Step 4 -- Byzantine-Robust Aggregation

from vcko.protocol import geometric_median

# Robust combine: tolerates < 50% adversarial inputs
beta_robust = geometric_median(
    [v.coefficients for v in vcko_list],
    max_iter=100,
    tol=1e-7,
)

Step 5 -- Verify Computation Integrity

from vcko.verification import logistic_gradient_norm, optimality_certificate

# Compute gradient norm (requires local data access at the source centre)
grad_norm = logistic_gradient_norm(X, y, beta, lam=0.01)

# Receiver checks the reported certificate
is_honest = optimality_certificate(grad_norm, tol=1e-2)
print(f"grad_norm={grad_norm:.6f}, honest={is_honest}")

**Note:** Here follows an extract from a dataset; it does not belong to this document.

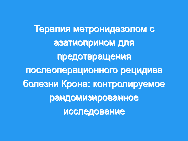 Предпосылки и цели: Более 80% пациентов с болезнью Крона (БК), перенесших резекцию, страдают от рецидива заболевания. Терапия аминосалицилатами, антиметаболитами или антибиотиками приводит к умеренному снижению частоты рецидивов. Цель: Мы стремились изучить, превосходит ли метронидазол в течение 3 месяцев вместе с азатиоприном (AZA) в течение 12 месяцев по сравнению с метронидазолом в одиночку для уменьшения рецидива послеоперационного БК у пациентов «высокого риска».
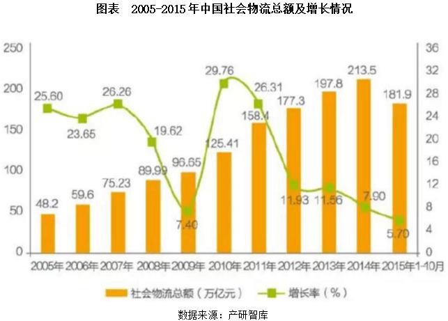 預計“十三五”期間中國第三產(chǎn)業(yè)年復合增長率將達到16%。其中,基礎物流服務(倉儲和運輸)增速將僅能達到10%左右的水平。

Step 6 -- Partial-Feature Aggregation

from vcko.partial import PartialFeatureAggregator

agg = PartialFeatureAggregator()

# Register centres with their available feature sets
for vcko in vcko_list:
    agg.add(vcko)

# Stage 1: pool common features across ALL centres
# Stage 2: augment with extra features from contributing centres
result = agg.aggregate()

Step 7 -- Evaluate and Validate

from vcko.evaluation import calculate_auc, calculate_brier_score, compute_ece
from vcko.clinical import validate_coefficient_direction

auc = calculate_auc(y_true, probs)
brier = calculate_brier_score(y_true, probs)
cal = compute_ece(y_true, probs, n_bins=10)
print(f"AUC={auc:.4f}  Brier={brier:.4f}  ECE={cal.ece:.4f}")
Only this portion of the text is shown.